Still, the perception persists that contextual targeting is a less-sophisticated blast from the past that’s only seeing a resurgence thanks to uncertainty about the future. What’s so interesting about placing ads for golf balls on a golf website?

“But there’s actually a lot you can do beyond keywords – and the fact is that even keywords are an extremely strong signal,” said Kurt Kratchman, SVP of product development at Oracle Data Cloud and former COO of Grapeshot. He claims the brands and agencies ODC works with are intending to increase their spend on contextual.

ODC, for example, categorizes every word on roughly 15 billion unique pages every month to connect page engagement with audiences and create custom segments. Advertisers can also create dynamic keyword targeting lists in 33 languages that automatically get updated based on what’s likely to achieve higher performance and better reach, Kratchman said.

What you can’t do with contextual

But contextual is not going to “save the programmatic ecosystem,” because it’s hard to measure, said Steve Silvers, VP of product management for the Neustar Identity DMP, speaking during a New York Advertising Week panel in September.

Without cookies, device IDs or other identifiers, measurement gets murky, and for more spend to go toward contextual, advertisers are going to have to accept less granularity, said Emily Roe, associate director of media services at Dentsu-owned Merkle.
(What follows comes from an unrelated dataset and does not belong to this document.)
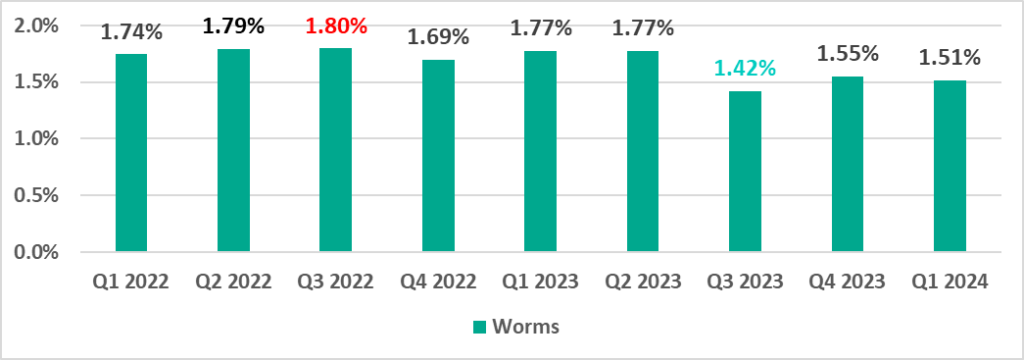 | Worms | 1.55% | 1.51% | -0.04 pp |

The industry needs to develop benchmarks for contextual so advertisers can determine whether they’re getting a bang for their bucks.

Frequency capping and attribution will also pose a challenge, or at least they won’t operate the same way they do in a cookied world, said Neal Richter, chief scientist at SpotX.
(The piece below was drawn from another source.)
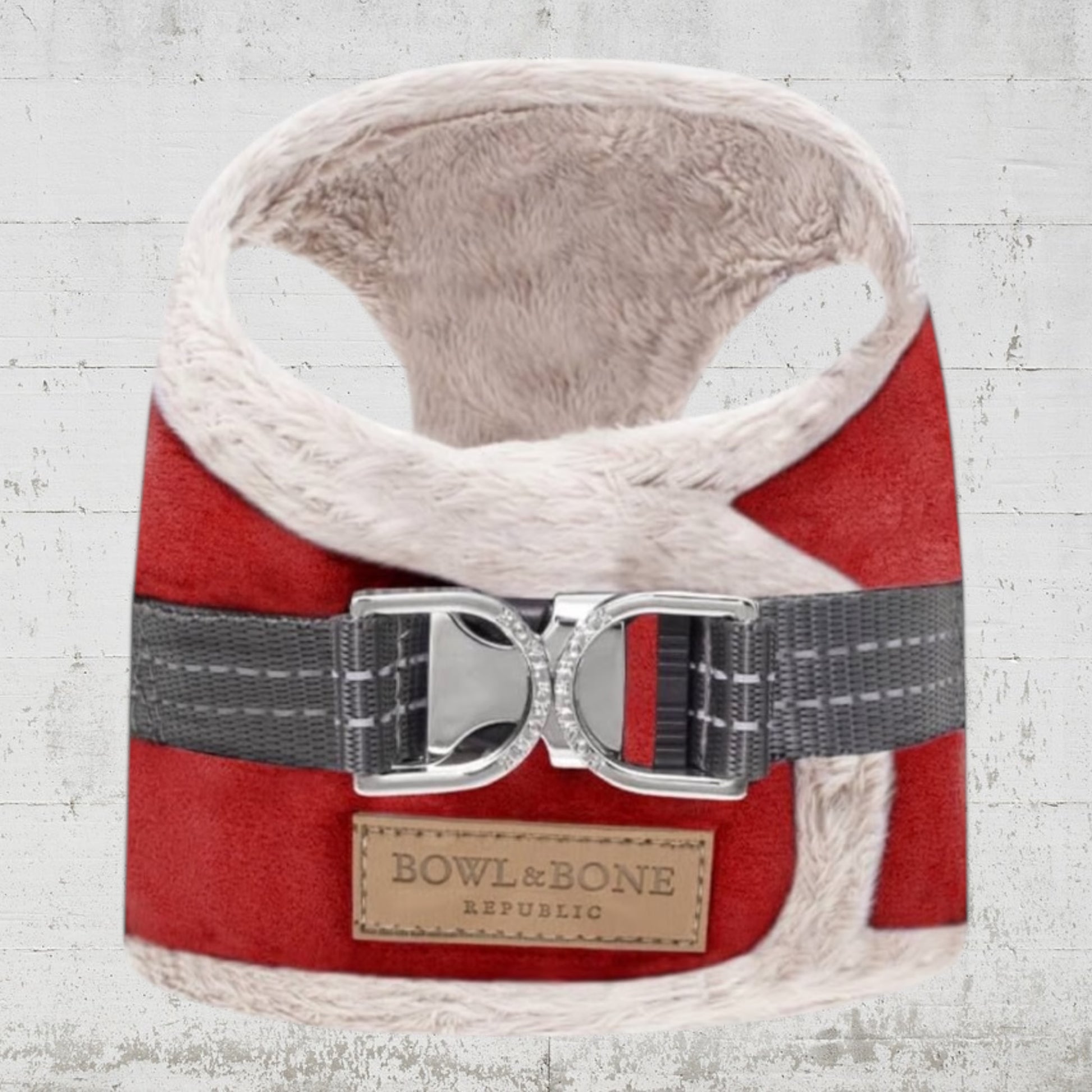 軽くふわふわなハーネスで胸までしっかり覆って暖かく安心して歩けます。

“These things are probably going to get a little … fuzzier,” Richter said. “Frequency caps will have to be more of a target than a constraint, and there will be a move away from the false precision of trying to track independent users from end to end in an event stream.”

For those reasons, contextual might seem less scaled and less performant than other methods, but it’s “still a valid tool in the overall portfolio,” said Bill Simmons, CTO and co-founder of dataxu.

“It’s time to give contextual a fair shake, and that’s going to happen if we see people starting to opt out,” Simmons said.

But for contextual to get a fair shake, companies need to invest in the tech, and contextual targeting technology overall is still hugely underfunded compared with audience-based tech, said Ratko Vidakovic, founder of ad tech consultancy AdProfs.

“The result of that is clearly illustrated by the fact that there are only a handful of contextual targeting companies out there,” Vidakovic said.

And the current zeitgeist is why so many companies are trying to position themselves as the go-to solution for when cookies officially crumble.

“We’re betting on 2020 as the year of contextual,” said Richard Raddon, CEO and co-founder of Zefr. “There’s a time coming, and soon, when people will realize they can’t rely on third-party segments anyway – and that maybe they never should have.”

But is contextual worth it?

If 2020 is the year of contextual, what happens to publisher CPMs?

Today, behaviorally targeted ads usually garner somewhere between 50 cents and $2 or $3, depending on the specificity of the segments, whereas contextual signals are in the 10- to 30-cent range on a CPM basis, said Peer39 COO Alex White.

But in a perhaps-not-so-hypothetical world in which contextual becomes the dominant method for targeting, CPMs should eventually level out – as long as advertisers don’t move all of their budgets to Facebook, Google and Amazon, said GumGum CTO Weiner. 

“If people can’t deal with no audience targeting and they move to the walled gardens, CPMs will go down outside of the walled gardens,” he said.

But the death of cookies doesn’t mean the death of audience targeting, said Goodway Group’s Friedman.

“Amazon and AdSense and Google’s DSP – they’re all built into the open web,” he said. “If you’re a publisher, you might start seeing AdEx bids rise up while every other SSP starts to see their bids measurably deflate – that could happen.”